Com uma narrativa não linear,  ao longo da trama conhecemos um pouco mais da história de cada personagem e sua ligação com o parque. Como os episódios são carregados de detalhes e referências, o ideal é sempre estar atento. O problema é que isso nem sempre é possível, já que algumas histórias são um pouco lentas e acabam dando aquela sensação de estarem arrastando-se. Outro problema também é que, por ser uma série com muitos desfechos e reviravoltas, muitas informações são jogadas para o telespectador em uma tentativa de apenas criar o suspense. Isso lembra um pouco as primeiras temporadas de Lost, em que éramos bombardeados de mistérios e na hora de solucioná-los a resposta era pouco satisfatória.
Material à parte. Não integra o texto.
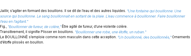 Définition académique pour le terme « bouillonner » (parue en 1932).
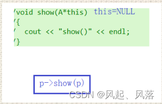 }因为printA和show函数都在公共代码段中,所以p->printA()和p->show()不会去p所指向的对象中寻找,这里不会崩溃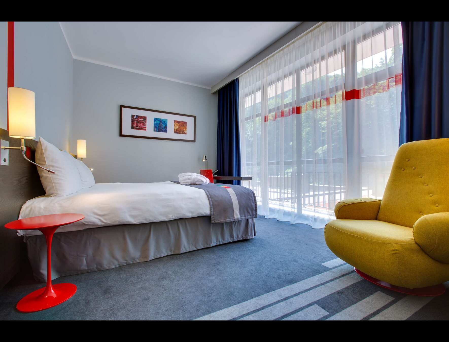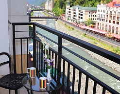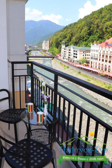 · В "Park inn" останавливались в июле. Бронировали улучшенный номер с хорошим видом. Заселили в 310-й. Вид действительно оказался открыточным - на Мзымту с красивой набережной и горы!!! Окна французские, номер с небольшим балконом - со столиком и стульями.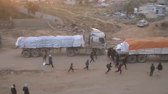 A video from the Associated Press shows residents of Gaza running towards moving aid trucks and seizing bags of food.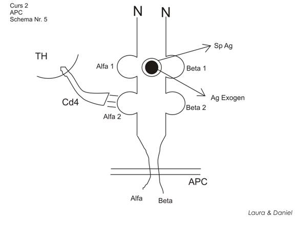 cooperare APC si LTH => legaturi intre MHC II si un contraligand prezent tipic pe TH (CD4) => legaturi CD4- α2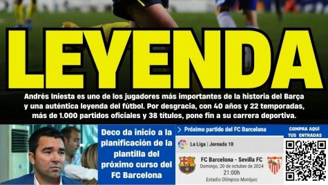 Portada de FC BARCELONA NOTICIAS del MIÉRCOLES 9 de OCTUBRE de 2024: Andrés Iniesta es uno de los jugadores más importantes de la historia del FC Barcelona y una auténtica leyenda del fútbol. Por desgracia, con 40 años, 22 temporadas, más de 1.000 partidos oficiales y 38 títulos, pone fin a su carrera.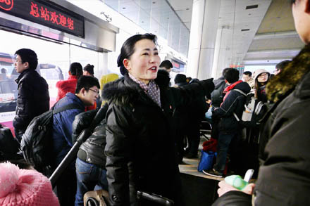 集團公司各車站黨員干部在春運中深化創先爭優,發揮黨員先鋒模范帶頭作用。圖為總站金牌檢票員李文為旅客熱情導乘。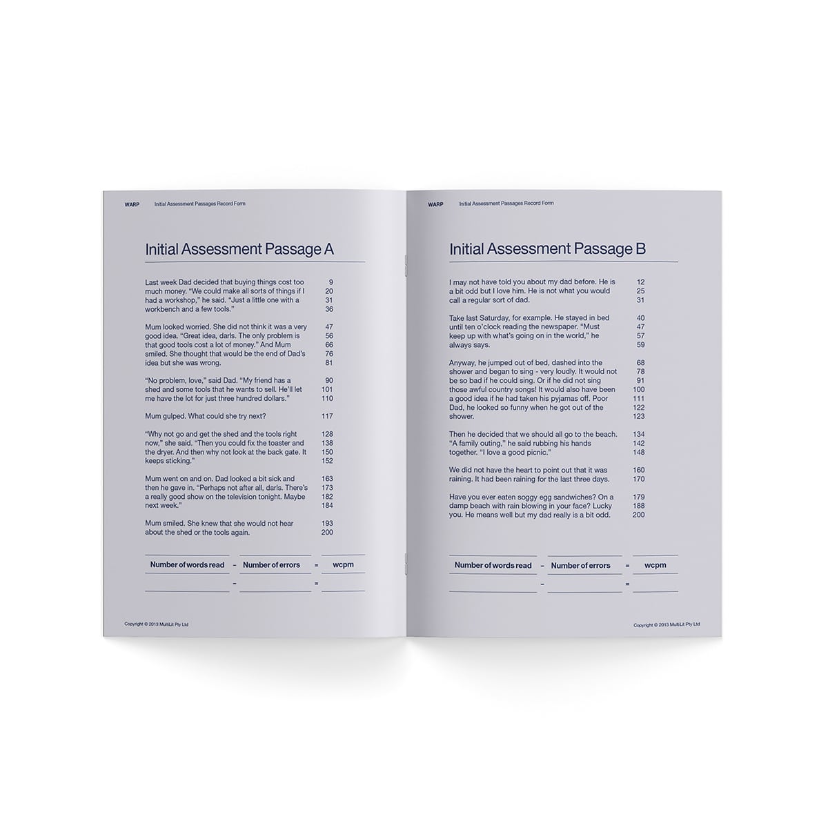 A pack of 30 Initial Assessment Passages Record Forms, used to record a students’ score when completing an initial assessment for the WARP (Wheldall Assessment of Reading Passages). The WARP is designed to assess older students’ (Years 2 to 5, including low progress readers up to Year 9) oral reading fluency.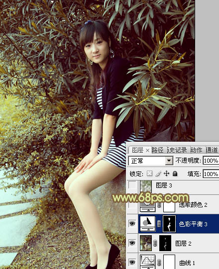 Photoshop给树林美女加上柔和的古典褐色调(7)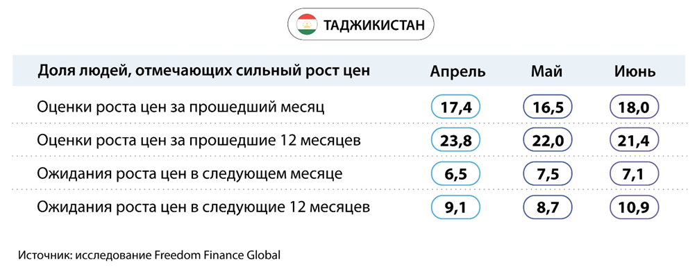 Инфляционные оценки и ожидания таджикистанцев в июне немного увеличились после рекордно низких результатов в апреле и мае. Доля респондентов, отметивших сильный рост цен за последний месяц, увеличилась с 16,5 до 18%. В горизонте последних 12 месяцев доля тех, кто ощутил более быстрый рост цен, упала с 22 до 21,4%. Инфляционные ожидания жителей Таджикистана также показали схожую динамику в разных временных рамках. 7,1% жителей ждут очень сильного роста цен в ближайший месяц, тогда как в мае таких было 7,5%. Но в горизонте следующих 12 месяцев доля людей, ожидающих более быстрого роста цен, выросла с 8,7 до 10,9%.

No entanto, a série acerta muito mais do que erra. Para começar, as interpretações são um dos pontos altos. O elenco é carregado de nomes de peso como Anthony Hopkins, que interpreta o “pai” dos androids, Dr. Ford, Ed Harris como o Homem de Preto e Thandie Newton como uma android que precisa lidar constantemente com as lembranças de seu passado. Nosso querido Rodrigo Santoro também dá o ar da graça no papel de Hector Escaton, o típico bandido procurado de qualquer filme de faroeste que se preze. O papel não é de grande destaque, mas nada impede que o personagem cresça ao longo das próximas temporadas.
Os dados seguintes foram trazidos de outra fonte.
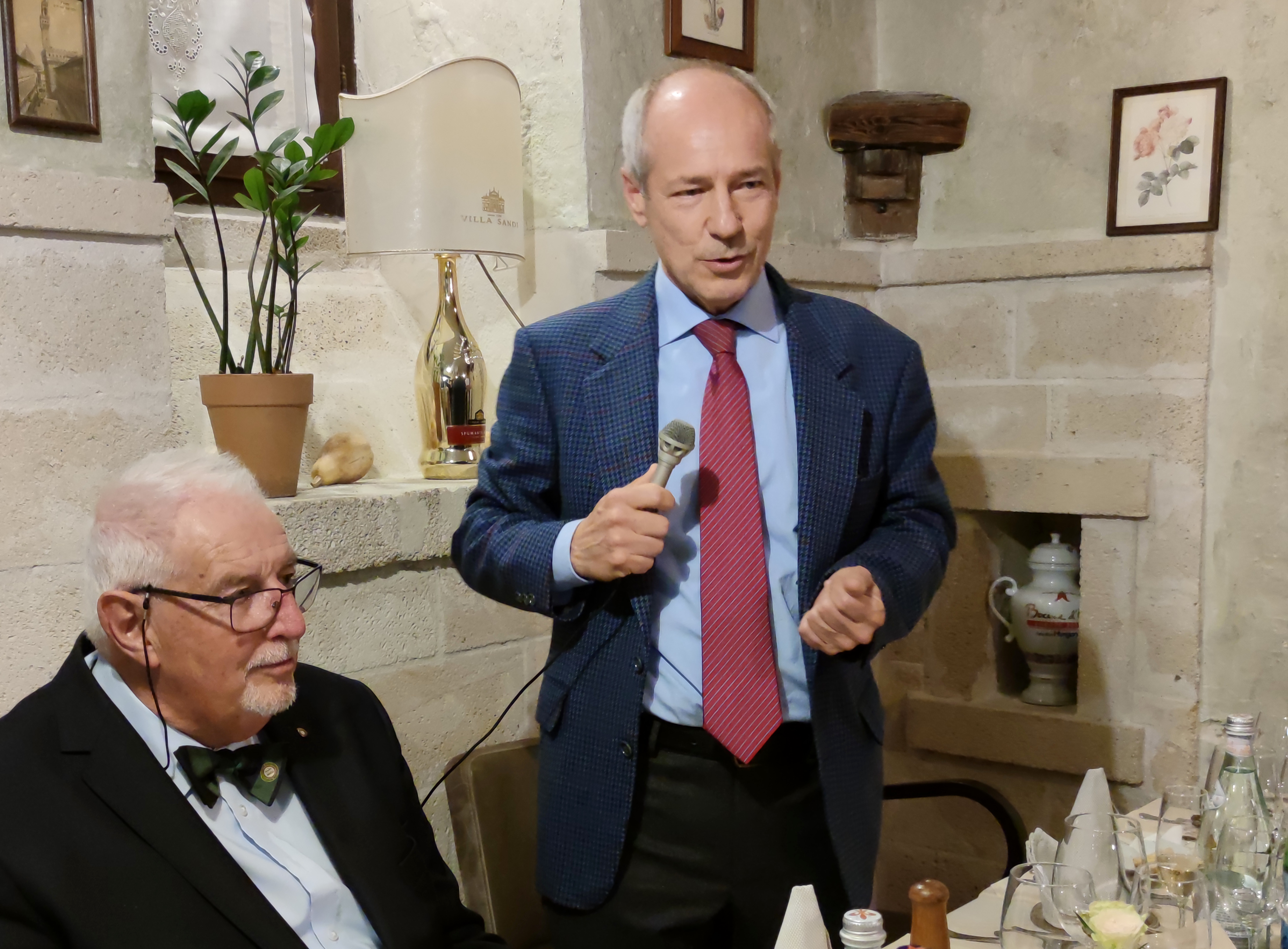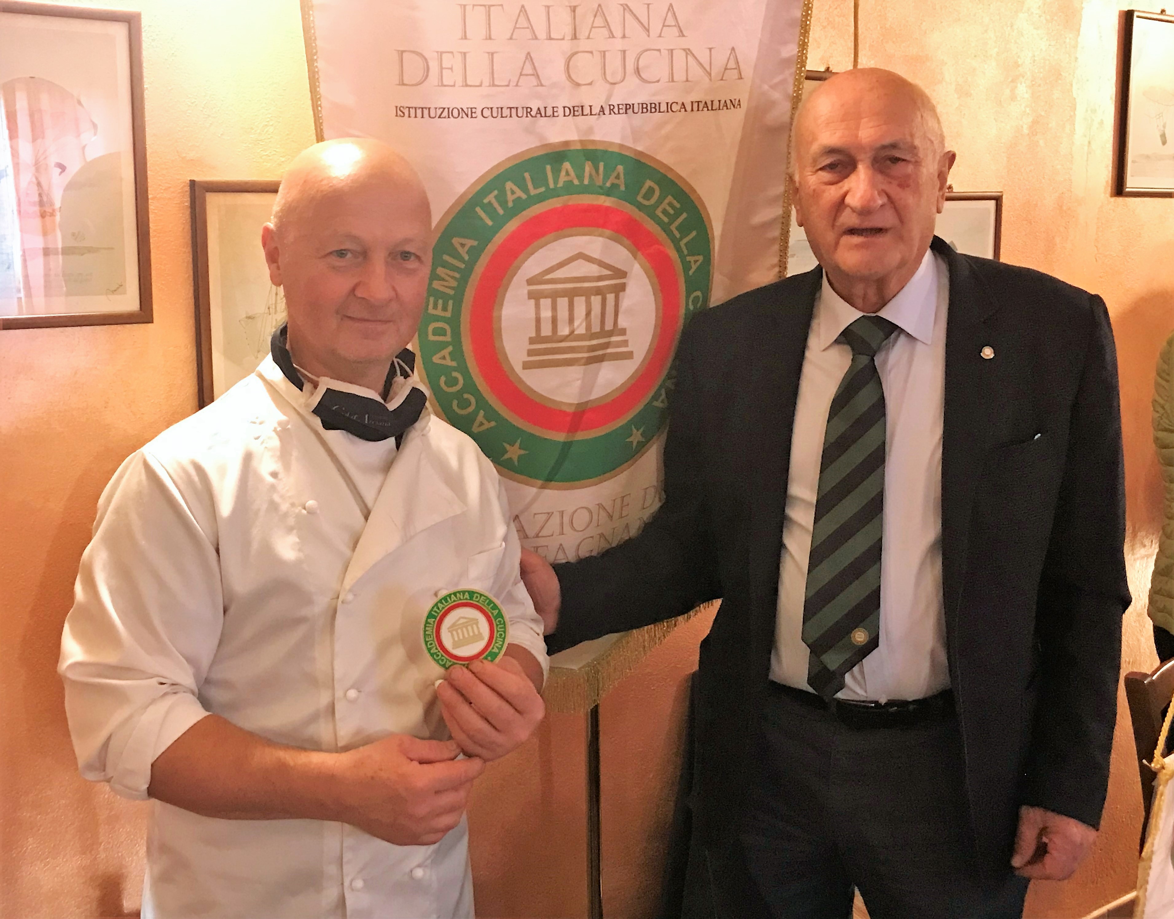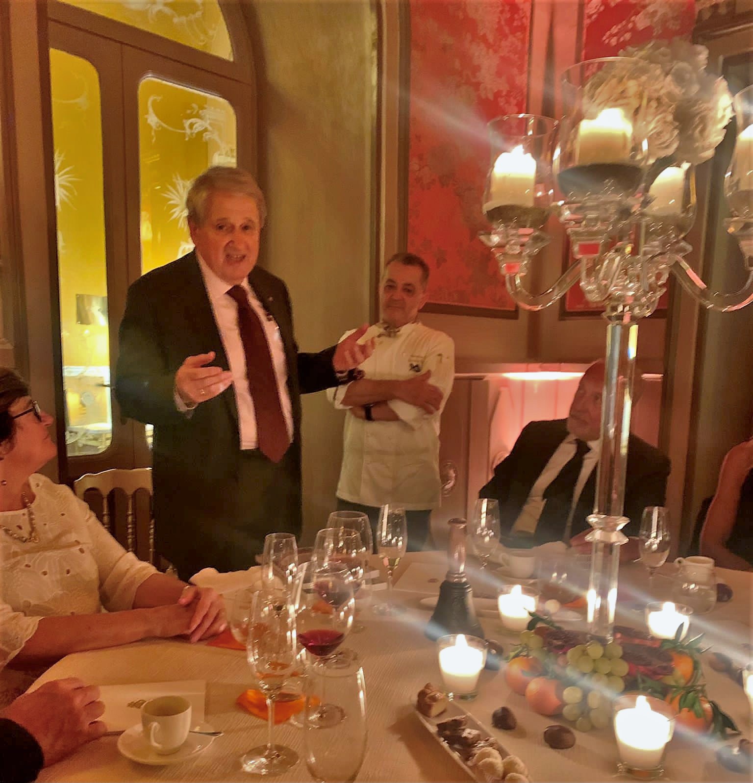 Il Ristorante Krizia costituisce un punto di riferimento importante per chi vuole gustare piatti autenticamente italiani a Budapest e per questo motivo è stato selezionato dalla Delegazione locale per la Cena Ecumenica 2021. Ospite della serata, S.E. il nuovo Ambasciatore Manuel Jacoangeli, che ha aderito con piacere all’invito a partecipare per conoscere la realtà accademica budapestina, cui ha indirizzato un caloroso saluto ((foto 1 e 2 con il Delegato Alberto Tibaldi). Durante la serata il Delegato Tibaldi (foto 3) ha comunicato ai presenti che dal 1° novembre il Vice Delegato Michele Fasciano sarà alla guida della Delegazione. Il Simposiarca Fasciano e lo chef Graziano Cattaneo hanno concordato un particolare menu sul tema ecumenico confermando la ben nota abilità dello chef, con piena soddisfazione dei convenuti. Una particolare menzione per il tortello alla farina di castagne ripieno ai funghi porcini e il medaglione di cervo ai profumi del sottobosco con zucca speziata al forno con burro montato e nocciole (foto 4). Ottimi i vini serviti e il servizio in sala. L’ Accademica Chiara Narder-Mariotto ha tenuto una eccellente relazione sul tema ” La generosità del bosco”. A conclusione della serata un caloroso applauso è stato tributato allo chef e al suo staff.

O trabalho de Evan Rachel Wood como a android Dolores é igualmente impecável. É possível sentir-se na pele de Dolores com suas dúvidas e sofrimentos em uma jornada que é o ponto central da trama. Dolores é a android mais antiga do parque e carrega em sua história grande parte dos segredos de Westworld.

O roteiro da série fica por conta de Jonathan Nolan, irmão de Cristopher Nolan, responsável pela história do filme Amnésia, que concorreu ao Oscar de melhor roteiro original e melhor montagem em 2002. Apesar da insistência no fator surpresa, o que pode prejudicar um pouco a narrativa da história, o roteiro é muito bem costurado pela ligação das histórias dos personagens e a busca por respostas para os acontecimentos. Cada episódio segue uma lógica e nos apresenta diferentes detalhes que servirão como chave na parte final da temporada, fazendo com que o telespectador sinta-se envolvido durante toda a trama.

Se você curte distopias quase irreais e quer ver até que ponto a tecnologia pode interferir em um mundo em que robôs são facilmente confundidos por humanos, Westworld é a série ideal. Vale também para os amantes de suspense e aqueles que adoram uma boa história cheia de enredos e reviravoltas. Seja qual for o caso, Westworld é uma série que ainda pode entregar muito mais do que mostrou. Resta agora esperar a próxima temporada, confirmada para 2018, e torcer para que Nolan não se perca no emaranhado de fios de seus androids e consiga manter o excelente nível mostrado neste primeiro momento.